The USD strengthens, oil prices steady, equity markets are mixed, and US yields rise as markets remain cautious ahead of the Fed. The USD strengthens in anticipation that the Fed will keep interest rates on hold on Wednesday and that the Fed Chair will maintain his hawkish rhetoric. Equity markets are mixed amid a combination of caution heading into the FOMC tomorrow and a flurry of corporate news and mixed earnings reports. The eurozone inflation results saw levels held steady at 2.4%, giving the ECB the option of a June interest rate cut or keeping rates on hold and monitoring the data as the EU economy returns to growth. Elsewhere, oil prices steadied after their most significant drop in almost two weeks as cease-fire talks continued. Gold is set for its third straight gain in three months. Bitcoin prices eased despite the debut of its first Bitcoin ETF in Hong Kong. The focus will be on the US Employment Cost Index, Housing Price Index, Chicago PMI, Consumer Confidence, and CAD GDP to help provide some direction to the markets today, ahead of Wednesday's FOMC meeting.

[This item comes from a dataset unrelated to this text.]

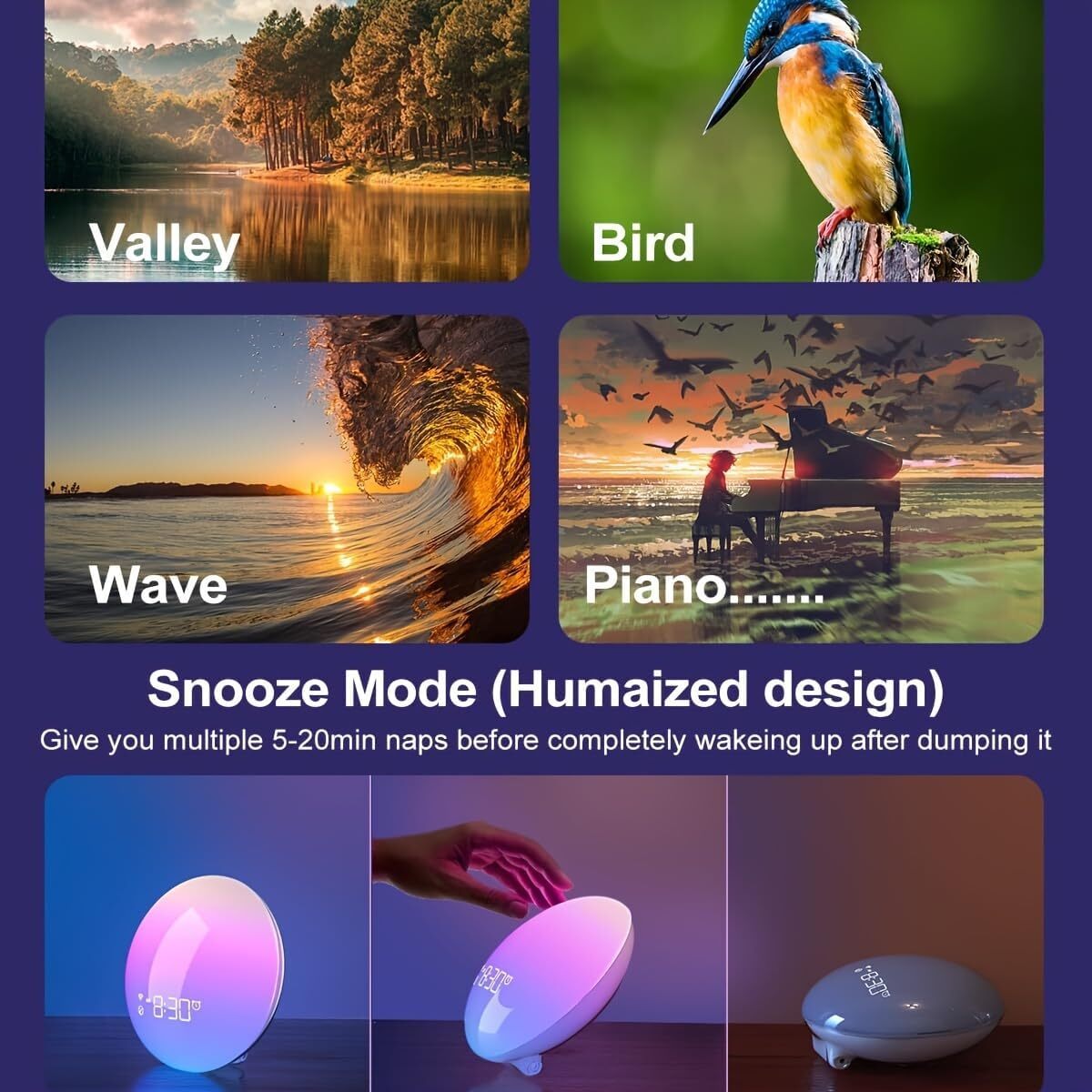 【Wake Up Sunrise Alarm Light】Combines sunrise alarm, smart ambient light, sound simulator, sleep assistant and other functions in one. Has 18 different dynamic lighting effects, 16 million colors and 16 soothing natural sounds, gently waking you up every morning and helping you fall asleep every night. 【Sleep Aid White Noise Sound Machine】Still troubled by insomnia? The gradual sunset simulation and natural white noise make it easy for you to fall asleep. Under the soft and gentle light, listen to the cicadas and campfire, or the stream flowing in the forest, and fall asleep. The sleep time can be set at will, and the sound and light will gradually weaken and stop automatically when the time is reached. 【Dual Alarm and Snooze Function】Two alarms can be set at the same time, one for weekdays and one for weekends. In addition, the snooze function allows you to sleep a few more minutes with the click of a button to avoid staying up all night. 【Great for Kids & Voice Controlled Light】In addition to meeting the needs of adults, the baby sound machine accompanies the healthy growth of your child, providing soft light for midnight newborn feedings, a cozy night light for preschoolers, and timer settings for your older child! The kids alarm clock features one-touch control, and the kids alarm clock can be adjusted remotely via the phone. No need to disturb a sleeping baby! 【Light Therapy & Bio-Benefits】Sleep Sound Digital Clock, Inspired by Nature, Designed by Optometrists. Wake up light therapy lamp will help you balance your circadian rhythms. Happy lights have been shown to boost energy and productivity for the rest of the day. UV-free LED lamps emit 10,000 lux of brightness, bringing 6500K light to help you stay energized and focused.

In other news. Tesla's share price soars 15% on Monday on tentative China approval for the driving system. Diplomats are hopeful of a hostage breakthrough as Israel softens its stance. Europe's leading economies grew faster than expected in Q1. Ukraine's energy chief calls on the EU to help protect gas storage from Russia. China's high-tech output drives growth in factory activity. HSBC's CEO steps down unexpectedly after five years. UK mortgage approvals are at their highest levels in 18 months. SNP John Swinney emerges as the frontrunner to replace Humza Yousaf. Canada's London Drugs keeps stores closed after cyber issues.
In currency markets. JPY remains under pressure but is off Monday's 160.24, 34-year low vs the USD. China's CNY looks set for its fourth monthly decline vs. USD. Currency markets are expected to be sidelined ahead of tomorrow's Fed Interest Rate decision and the Fed Chair's comments. CNY and Asia currencies are steady, down just 0.1% on average against the USD. Trading currencies are under pressure, with AUD & NZD weakening by 0.5%, JPY, ZAR & SEK dropping 0.4%, NOK down 0.25%, CHF & IDR flat, and MXN up 0.1% vs. USD.
In commodity markets. Oil prices are up by 0.2%, natural gas prices rally by 2.%, gold & wheat prices weaken by 1.3%, silver prices tumble by 2.7%, copper prices fall by 0.5%, and soybean prices slip by 0.15%.
CAD weakened from near three-week highs on Monday as commodity prices eased, and investors returned to the USD ahead of tomorrow's FOMC meeting. Domestically, the focus will be on the Canadian Gross Domestic Product (m/m) for February, which is forecast to grow by just 0.3%, down from 0.6% in January. RBC is forecasting that the Canadian economy grew at just 0.1% in February; if the GDP comes in under forecasted levels, it will put pressure on the loonie and heighten expectations of a BoC rate cut as early as June.
EURCAD continues strengthening because of weakening commodity prices, more robust growth signals in Europe, and the possibility that the BoC will cut first in June
EUR extends gains through 1.0700 amid more robust growth and steady inflation. Domestically, German retail sales came in much stronger m/m at 1.8%, and y/y turned positive to up 0.3%, vs. down 2.7% previously. Eurozone, Spanish, Italian & German GDPs were stronger than expected. At the same time, eurozone inflation levels held steady, which gives the ECB some flexibility to keep interest rates on hold or cut in June. The possibility that the ECB could opt to wait with its interest rate decision provided the Euro a boost in support as the focus shifts to the US economic releases today and the FOMC tomorrow.
GBPEUR weakens off April highs following the strong Eurozone growth and steady inflation data.
GBP holds within a relatively tight trading range as investors remain sidelined ahead of the Fed's interest rate decision tomorrow. The pound is expected to remain capped below 1.2570 amid an easing risk tone heading into the FOMC meeting on Wednesday. With the light economic data released out of the UK, the focus will remain on the US data to help provide intraday direction to the pound. Domestically, in a positive sign for the UK economy, the number of mortgages approved to home buyers in March was the highest since September 2022, hitting 61,300 in March and up from 60,500 in February.